Imogen Tyler is a Professor of Sociology at Lancaster University, a Fellow of the Academy of Social Sciences, a writer and a social activist. She is internationally renowned for her contributions to Social Theory and the Sociology of Inequalities, and has developed a range of theoretical and conceptual tools – from “social abjection” to “stigma machines” and “stigma politics”- to enrich understanding of the root causes of contemporary social problems.
Imogen’s published research has been widely adopted on university curricula across the world and is highly cited; she is ranked in the world’s top 2% scientists (Stanford-Elsevier Rankings). Over the course of her career, Imogen has given 50+ Keynote and Public Lectures. She has received many awards and recognitions, including a Lancaster University Award for Outstanding Contribution to Research (2014) and a Philip Leverhulme Prize (2015).
Imogen’s current research is focused on two connected projects:
- Hard Times: Poverty and Protest in Britain
- Elemental Inequalities: Struggles for Life Against State-Sanctioned Killing
What connects these projects is the use of historical and sociological research methods – including participatory research with ‘communities of resistance’ — to critically examine the social, political and environmental permacrisis of the current conjuncture (and in doing, to help us to imagine and build alternatives). These projects (variously) develop theories of ‘thanatocracy’ (Linebaugh & Kelley, 2024), ‘necroeconomics’ (Skeggs, 2020), ‘artificial scarcity’ (Heron, Milburn & Russell, 2025); and ‘asset-class struggle’ (Swyngedouw & Ward, 2024). These projects have emerged out Imogen’s ongoing research and engagement with clinicians, medics, social & care workers, charities and activists working at the front-line of the UK’s cumulative welfare crisis, including work with communities most affected by deepening poverty and ill-health within the British state, and activist groups practicing and forging alternative futures.
Imogen’s books include: Revolting Subjects: Social Abjection and Resistance in Neoliberal Britain (2013, shortlisted for the 2014 Bread and Roses Award for Radical Publishing); Protesting Citizenship: Migrant Activisms (2013, ed. with K. Marciniak); Immigrant Protest: Politics, Aesthetics, and Everyday Dissent (2014, ed. with Katarzyna Marciniak), The Sociology of Stigma (2019, edited with T. Slater); and a graphic essay with artist Charlotte Bailey, From Stigma Power to Black Power (2019). Imogen’s most recent book, Stigma: the Machinery of Inequality (2020), was described as “a devastating and brilliant book that reconceptualises stigma for the 21st Century”; “By giving voice to the dehumanised, Tyler’s book powerfully bears witness to the suffering and tragedy unfolding in our age.” You can read the introductory chapter here. In 2021 Stigma was published in paperback, and was also a Left Book Club book of the month.
A passionate believer in public sociology, Imogen has engaged and collaborated with multiple civil society, think tank, charitable, community, and heritage organisations and groups. She was a Civic Commissioner on the Morecambe Bay Poverty Truth Commission (2017-19), was a Trustee of the Poverty Truth Network, and a member of the Joseph Rowntree Foundation Stigma and Poverty Design Team.
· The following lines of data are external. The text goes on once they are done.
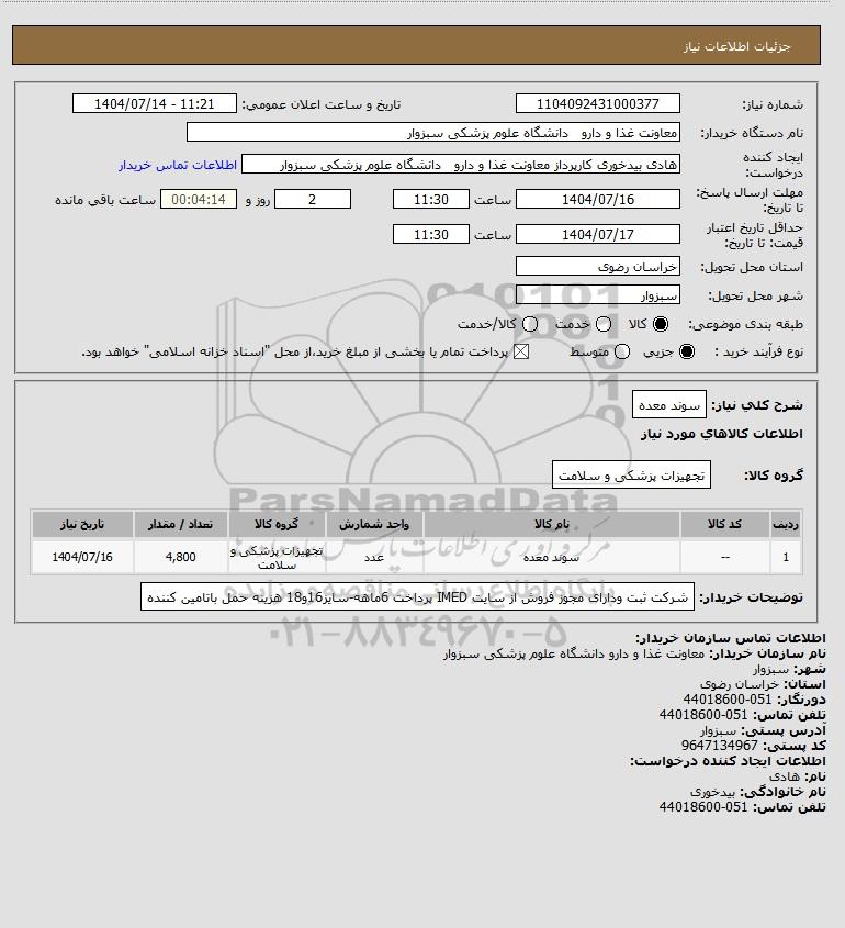 نام دستگاه خریدار:معاونت غذا و دارو دانشگاه علوم پزشکی سبزوار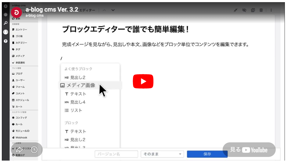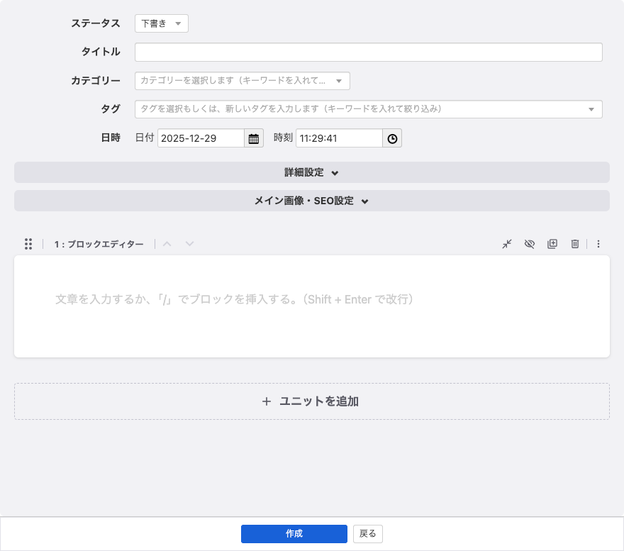 バージョン 3.2以上で制作された a-blog cms のサイトの初期状態では、エントリーを新規作成すると「ブロックエディター」ユニット、その下に[+ユニットを追加]ボタンがあります。ブロックエディターユニットでは、テキスト、画像、ファイルなどの様々なコンテンツを「ブロック」として追加し、閲覧画面と共通の見た目で、様々に編集、レイアウト、並べ替えをすることができます。このユニットだけでエントリーを作成するのにコンテンツのほとんどを入力可能です。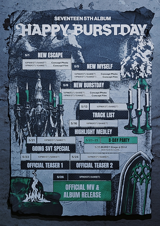 K-pop sensation SEVENTEEN is making a powerful return on May 26, just in time to mark their 10th anniversary. The group excited fans by unveiling the official promotion scheduler for their fifth full-length album, HAPPY BURSTDAY, through their official social media channels at 10 PM on April 29 KST.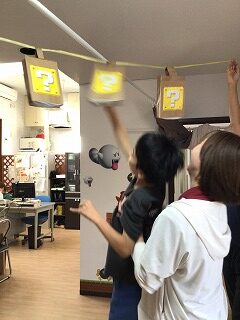 中からマリオのキャラクターのイラストがひらひらと出落ちてくる仕組みに😊

Imogen is an executive board member of Lancaster Black History Group. Her recent work with Lancaster Museums Service on the 18th century Black Lancastrians project, (funded by Art Fund, Arts Council England, National Lottery Heritage and Association for Independent Museums), was the runner up for the 2023 Independent Museums Association Decolonizing Award & was featured as a GEM/Art-Fund re-imagining engagement case study.
Imogen has co-produced a number of publications, podcasts, videos and educational resources designed to make sociological research accessible to wider public and policy audiences. For example, see, ‘Poverty stigma: a glue that holds poverty in place ‘(JRF Report, 2024); ‘Seeking Freedom: 18th-Century Black Lives in Northern England: Key Stage 2 Teaching Resource (2024); ‘the Stigma Conversations’ Podcast Series; ‘Enclosures and the Making of Modern Britain’, a Connected Sociologies Video Lecture; and the graphic essay ‘From Stigma Power to Black Power’ (2018).